YORUM | ADEM YAVUZ ARSLAN
Sosyal medya kullanıcıları başlıktaki ifadeye aşinadır.
Yaklaşık 5 yıl önce, İstanbul Esenyurt’ta yapılan bir sokak röportajından alınan bu ifade aslında Türk siyasi tarihinin de bir özeti gibi.
En azından ben öyle görür, zaman zaman döner izlerim.
Aksanından Adanalı olduğu intibaı uyandıran, işinde gücünde sıradan bir vatandaş, Cumhurbaşkanı Erdoğan’ın kendisine ekstra yetkiler toplayarak ‘Başkan’ olma hırsına dair kısa ama veciz bir değerlendirme yapıyor.
Hem de öyle bir analiz ki üzerine laf söylemenin pek bir gereği kalmıyor.
Hala izlemeyen varsa linkini şuraya bırakıyorum:
Röportajın tamamında ne dedi bilmiyorum ama meşhur olan kısmında ifade ettiği “Allah olmak istiyorsa toplanıp Allah diyek” cümlesi üzerine günlerce haftalarca siyasi analiz yapılır.
Erdoğanın bitmek tükenmek bilmeyen güç ve zenginleşme hırsı ancak bu kadar güzel anlatılabilirdi.
Peki ben yazıya neden böyle bir video hatırlatması ile başladım?
Gerek buradaki yazılarım gerekse de Youtube yayınlarımı takip edenler biliyordur. Yıllardır cezaevlerindeki hasta, yaşlı ve bebeklerin durumunu gündeme getiriyorum.
Bugüne kadar onlarca masum insan cezaevlerindeki kötü muamele, yetersiz sağlık ve beslenme koşulları gibi nedenlerle hayatını kaybetti.

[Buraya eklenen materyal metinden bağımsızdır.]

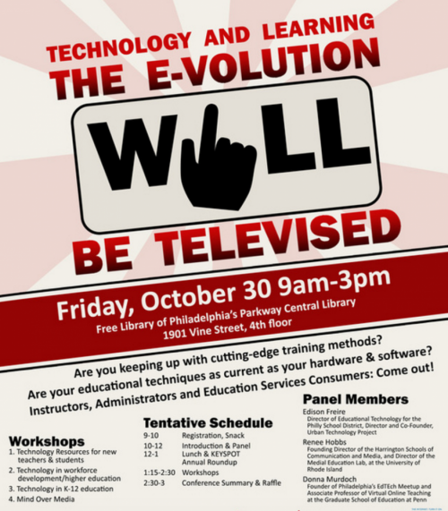 Renee Hobbs joins Edison Freire and Donna Murdock for a conversation about digital literacy at the Philadelphia Free Library on Friday, October 30, 2015. The event will be live-streamed here:
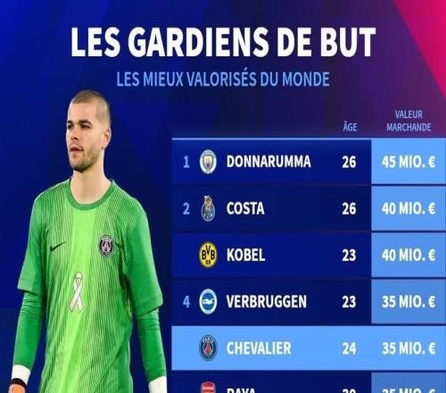 德转门将身价前10:多纳鲁马4500万欧第1,拉亚3500万并列第4
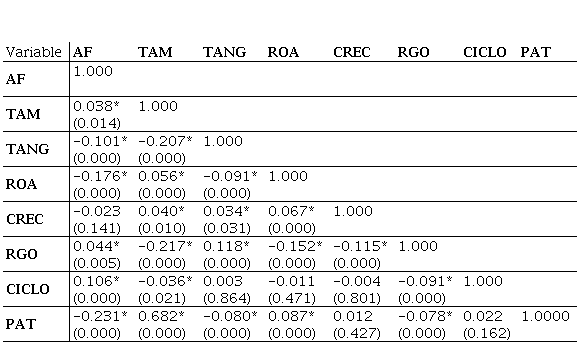 Las posibles relaciones lineales entre apalancamiento financiero y los determinantes transversales de la estructura de capital de las firmas se presentan en el Tabla 5. De allí se destaca que, dentro de los agregados, la mayoría de estas correlaciones dan indicios de un buen ajuste respecto a las predicciones presentadas en la teoría del Pecking Order, pues existe una correspondencia direccional y altamente significativa entre la variable dependiente y los determinantes de capital, a pesar de evidenciarse bajos niveles de asociación lineal individual.
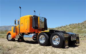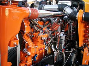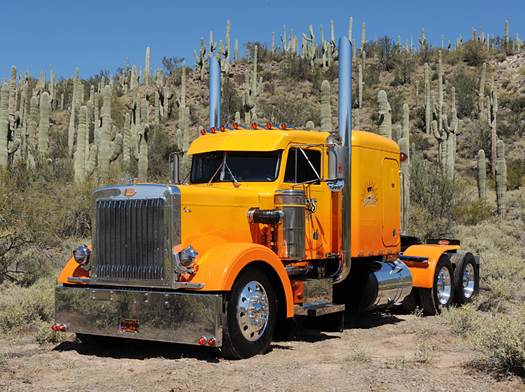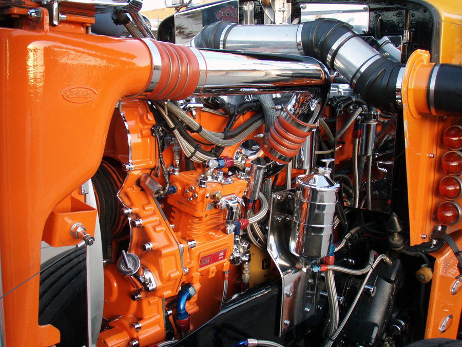In 2004, due to the impending emission regulations, Ron decided to re-power the truck with a newer engine. The Big Cam II 400 Cummins he had in it was still a good motor (and it had about 750 hp), so he sold it to help pay for the new one – a 1998 model 3406E Caterpillar with 550 hp. Before installing the engine, he had it powder-coated orange and then everything else was either painted, chromed or polished. Elias Bustamonte of Arizona Truck Specialists in Phoenix, a well-known Cat guru in the area, did all of the work. The job went pretty smooth, but he did have to make his own motor mounts and cut a hole in the firewall to accommodate the rear fuel line. At that time, Ron also installed a FASS fuel system to improve the new engine’s performance and efficiency. He also had to change the gearing in his rear-ends from 3.90 to 3.36 because the newer Cat ran at a much lower RPM than the old Cummins. Elias got that engine running and looking so good, Ron started thinking that it was getting time to redo the truck’s now fourteen-year-old paint job. But having just shut down for a few weeks to do the engine, he figured that he had better get back to work.

Malesef iktidar ve çevresi bugüne kadar yaşanan trajedilere kulak tıkadı. Adalet Bakanı Bekir Bozdağ yüzü hiç kızarmadan “Cezaevlerinde kötü muamele olmadığı” yalanını rahatlıkla söyledi.
HDP’li Ömer Faruk Gergelioğlu ya da CHP’li Sezgin Tanrıkulu olmasa konu TBMM gündemine bile giremiyordu.
Sorun bugünlerde yeniden gündem çünkü 28 Şubat hükümlüsü, 84 yaşındaki emekli korgeneral Vural Avar cezaevinde hayatını kaybetti.
Avar’ın hasta olmasına rağmen tahliye edilmemesi ve cenazeye Genelkurmay’ın kurumsal olarak sahip çıkmaması -en azından toplumun bir kesiminde-öfkeye neden oldu.
Bazı Ergenekoncu ve Ulusalcı kesimlerin bu trajediden bile Fethullah Gülen Cemaati’ne saldırmak için bahane çıkarmasını bir kenara koyuyorum çünkü onlar artık umutsuz vakıa.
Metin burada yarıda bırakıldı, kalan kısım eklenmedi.